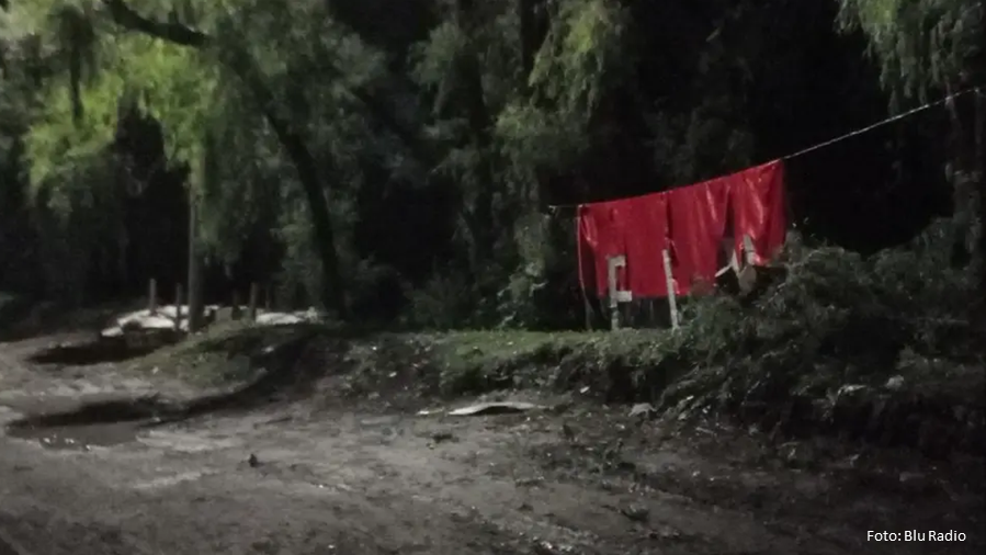 El hallazgo se produjo alrededor de la 1:30 a. m., cuando un trabajador de la concesión vial que realizaba su recorrido habitual observó la bandera sujetada a dos palos bajo un árbol.
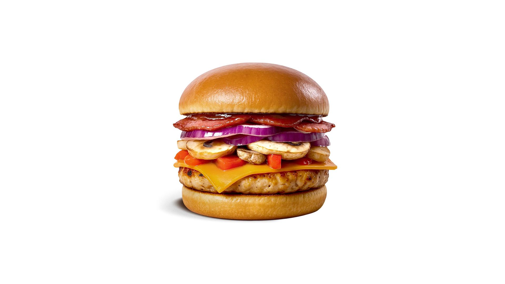 Turkey Patty (ABF), Turkey Bacon, Cheddar, Mushrooms, Red Peppers, Red Onions, Housemade BBQ Sauce. Served with Side of Fruit. (662 cal / 52 protein, 55 carbs, 26 fat)
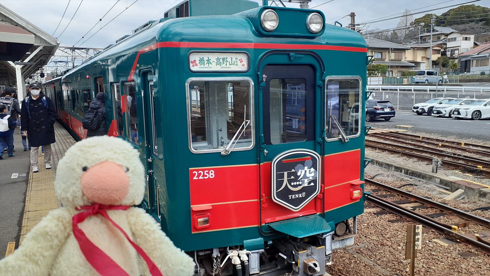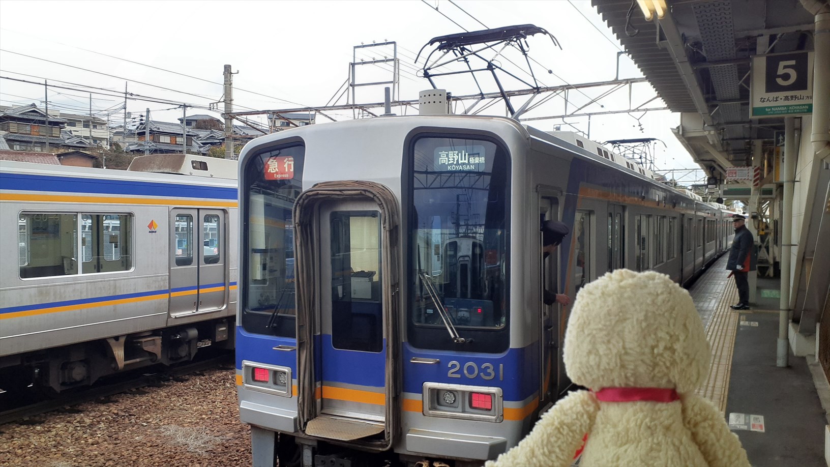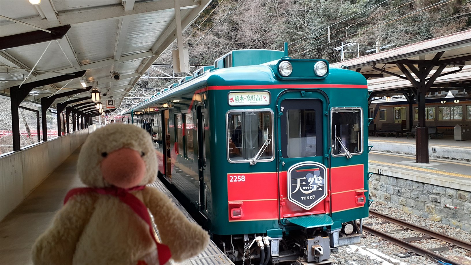乗るのはこっち。急行 高野山極楽橋ゆき。2000系ズームカー!2扉の車両。
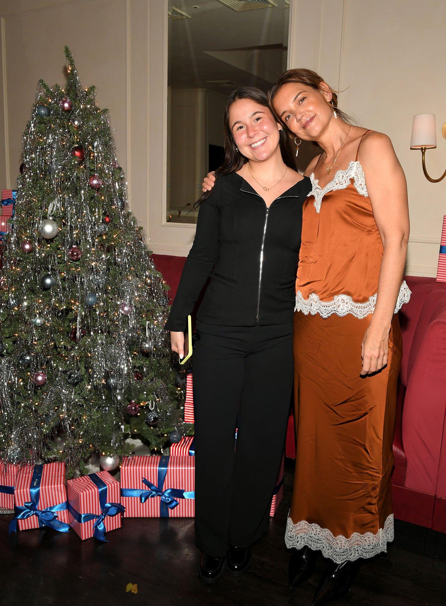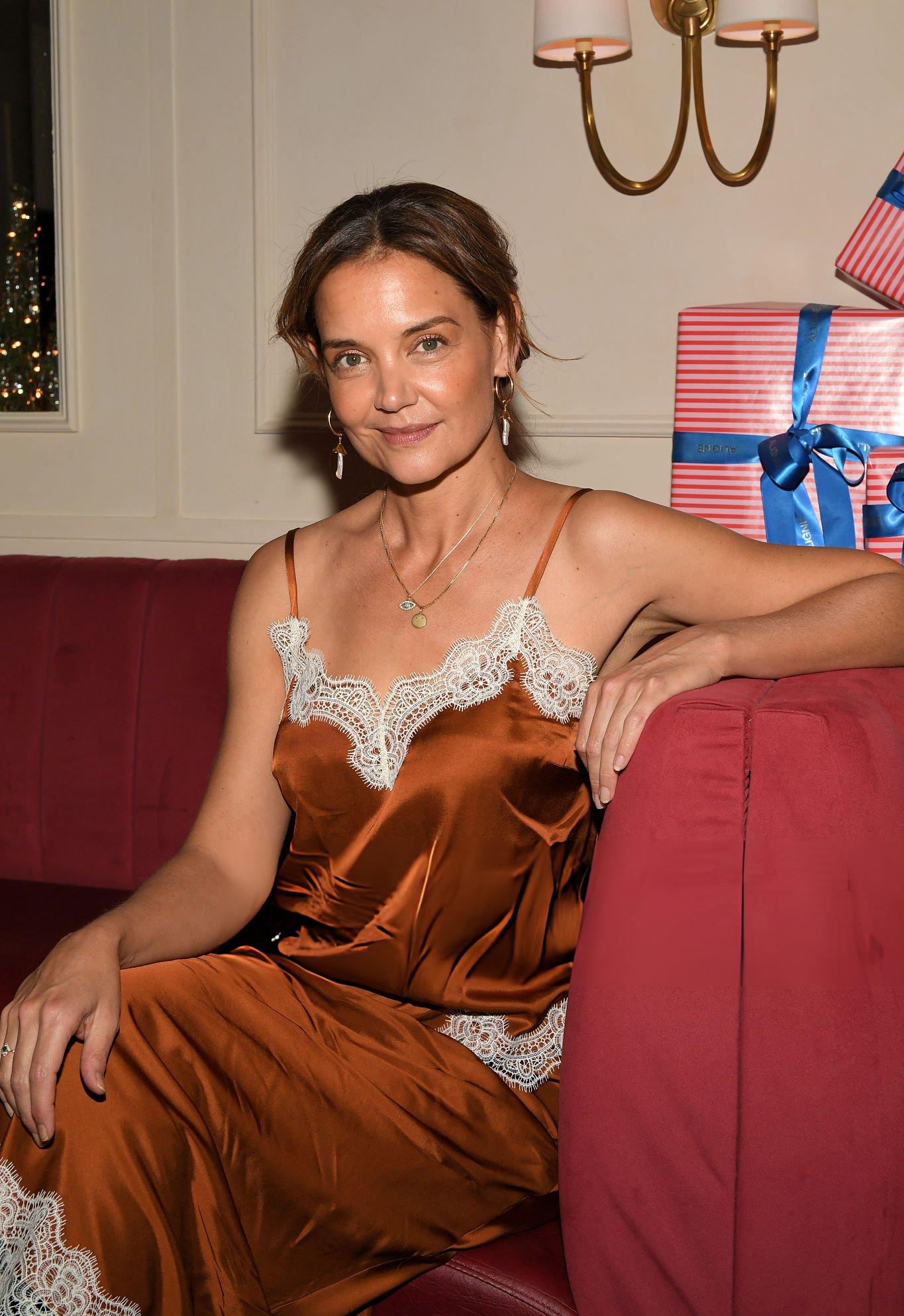 Photos and pictures of Katie Holmes at the ALIGNE Giving Tuesday Holiday Dinner. Katie wears a satin and lace satin top and skirt. She stars in satin at Chateau Royale on the 2nd December 2025.
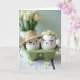 Designed with two smooth white eggs as the main characters, the scene places them snugly in a pale green, textured carton like they’re sharing a quiet moment together 🐰. One egg wears a tiny straw hat, its brim shading closed eyes and a small smile, with soft lashes and rosy cheeks that suggest calm affection. Beside it, the other egg has a little crown of white flowers with yellow centers, smiling wide with curved lashes and bright pink cheeks, as if leaning into the company 🐇. The setting rests on distressed white wooden planks, where a few loose petals sit near the carton like gentle confetti. Soft, airy light falls across the eggs’ matte surfaces and the carton’s fibrous texture, adding depth without harsh shadows. In the background, a simple pot holds pale blossoms, slightly out of focus, with a muted mint-green wall behind them. Centered near the top, the greeting appears in a light, spring-green font, with a smaller line of text beneath it in soft gray.
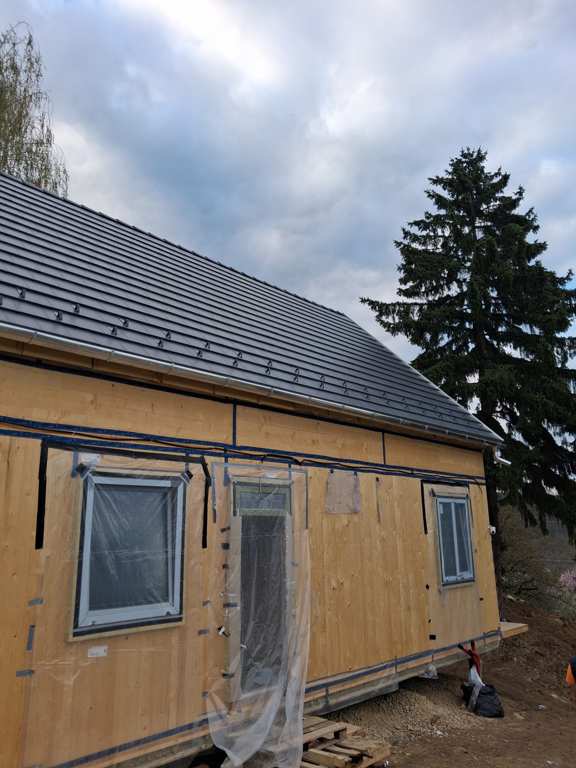 Götz Gábor, előtető építés, csatornaszerelés festett antracit elemekből Vácott
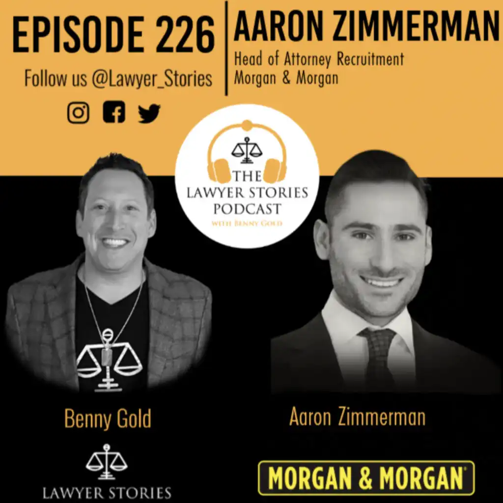 The Lawyer Stories Podcast episode 226 welcomes Aaron Zimmerman, the Head of Attorney Recruitment at Morgan & Morgan. Aaron shares his journey from Harvard Law School—where he was a member of the Harvard Defenders—to his current role recruiting top trial attorneys for one of the largest plaintiffs' firms in the country. Before attending Harvard, Aaron made the strategic decision to defer his admission and work as a legal headhunter at a boutique recruiting firm. There, he trained under two veteran legal recruiters and led litigation placements. This formative experience gave him deep insight into the career trajectories of litigators, helping him understand both immediate and long-term professional pathways in the legal field. As an executive recruiter, Aaron interviewed and placed hundreds of attorneys into prestigious AmLaw 100 firms both domestically and internationally. Now, he brings that wealth of experience to Morgan & Morgan, passionately working "For the People" by ensuring the firm is staffed with the best trial attorneys available.
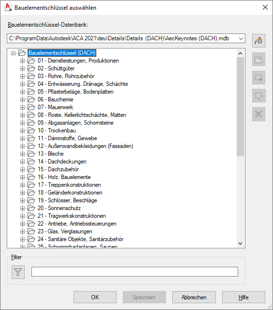 Das Dialogfeld Bauelementschlüssel wählen enthält eine hierarchische Baumstruktur der ausgewählten Bauelementschlüssel-Datenbank. Sie können in diesem Dialogfeld einen Bauelementschlüssel auswählen, der in eine Zeichnung eingefügt oder einem Objektstil, einer Materialdefinition oder einer Detailkomponente zugewiesen wird. Dieses Dialogfeld wird angezeigt, wenn Sie einem Objekt einen Bauelementschlüssel zuweisen möchten, für den noch kein Bauelementschlüssel definiert wurde. Außerdem können Sie es im Dialogfeld Schriftfeld und in den Dialogfeldern auswählen, in denen Sie Bauelementschlüssel für Architekturobjekte bzw. deren Komponenten angeben können. Beim Erstellen einer Bauelementlegende können Sie auf das Dialogfeld Bauelementschlüssel wählen zugreifen, indem Sie während des Einfügens mit der rechten Maustaste klicken und den Eintrag Von Datenbank auswählen, oder indem Sie in der Befehlszeile d (Datenbank) eingeben.
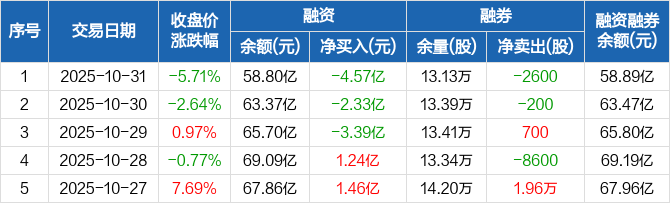 东山精密融资融券信息显示,2025年10月31日融资净偿还4.57亿元;融资余额58.8亿元,较前一日下降7.22%。
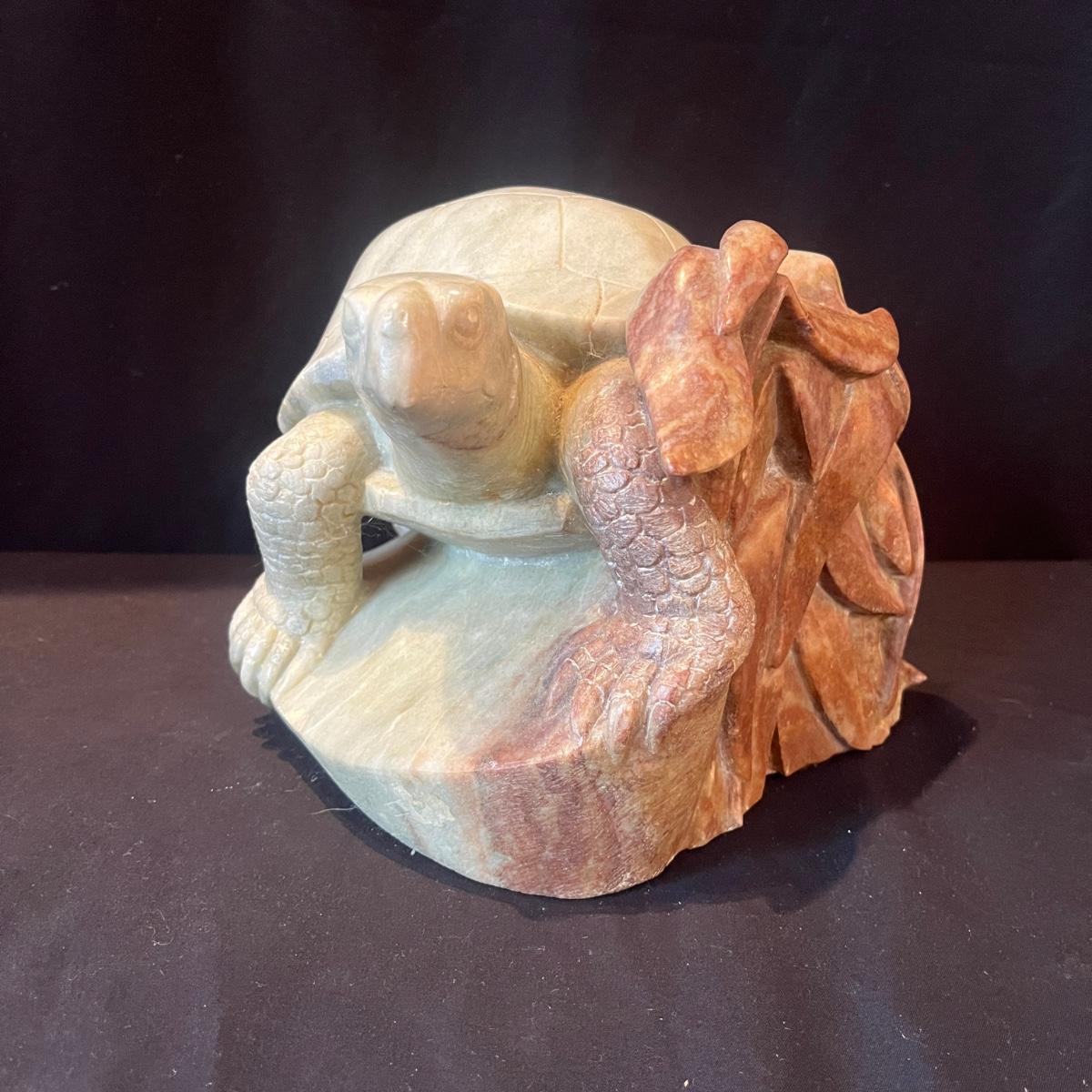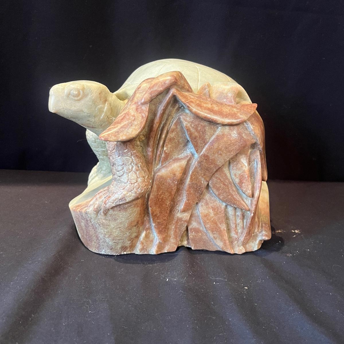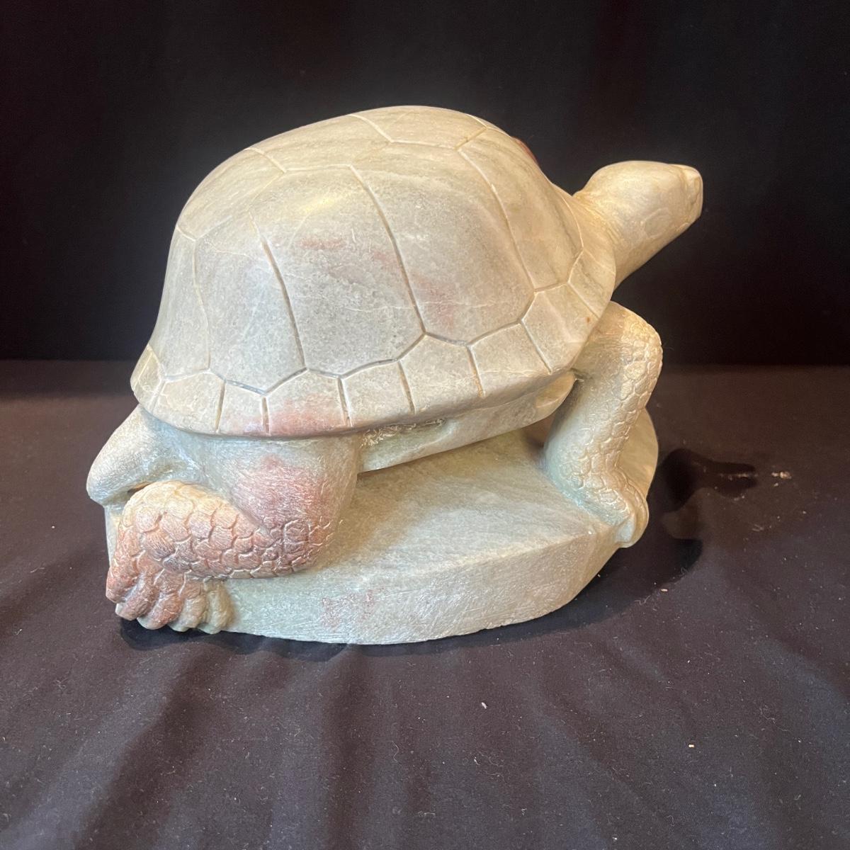 This stone turtle is carved and signed and measures 11” x 8” x 7”H. Piece is heavy.

★ ★ ★ ★ ★

**Task requirements:** Starting at the line that contains "东山精密融资融券信息显示,2" and ending with the last line of the data, transcribe every line exactly; skip the pictures.

**Result for this task:**
 东山精密融资融券信息显示,2025年10月31日融资净偿还4.57亿元;融资余额58.8亿元,较前一日下降7.22%。
 This stone turtle is carved and signed and measures 11” x 8” x 7”H. Piece is heavy.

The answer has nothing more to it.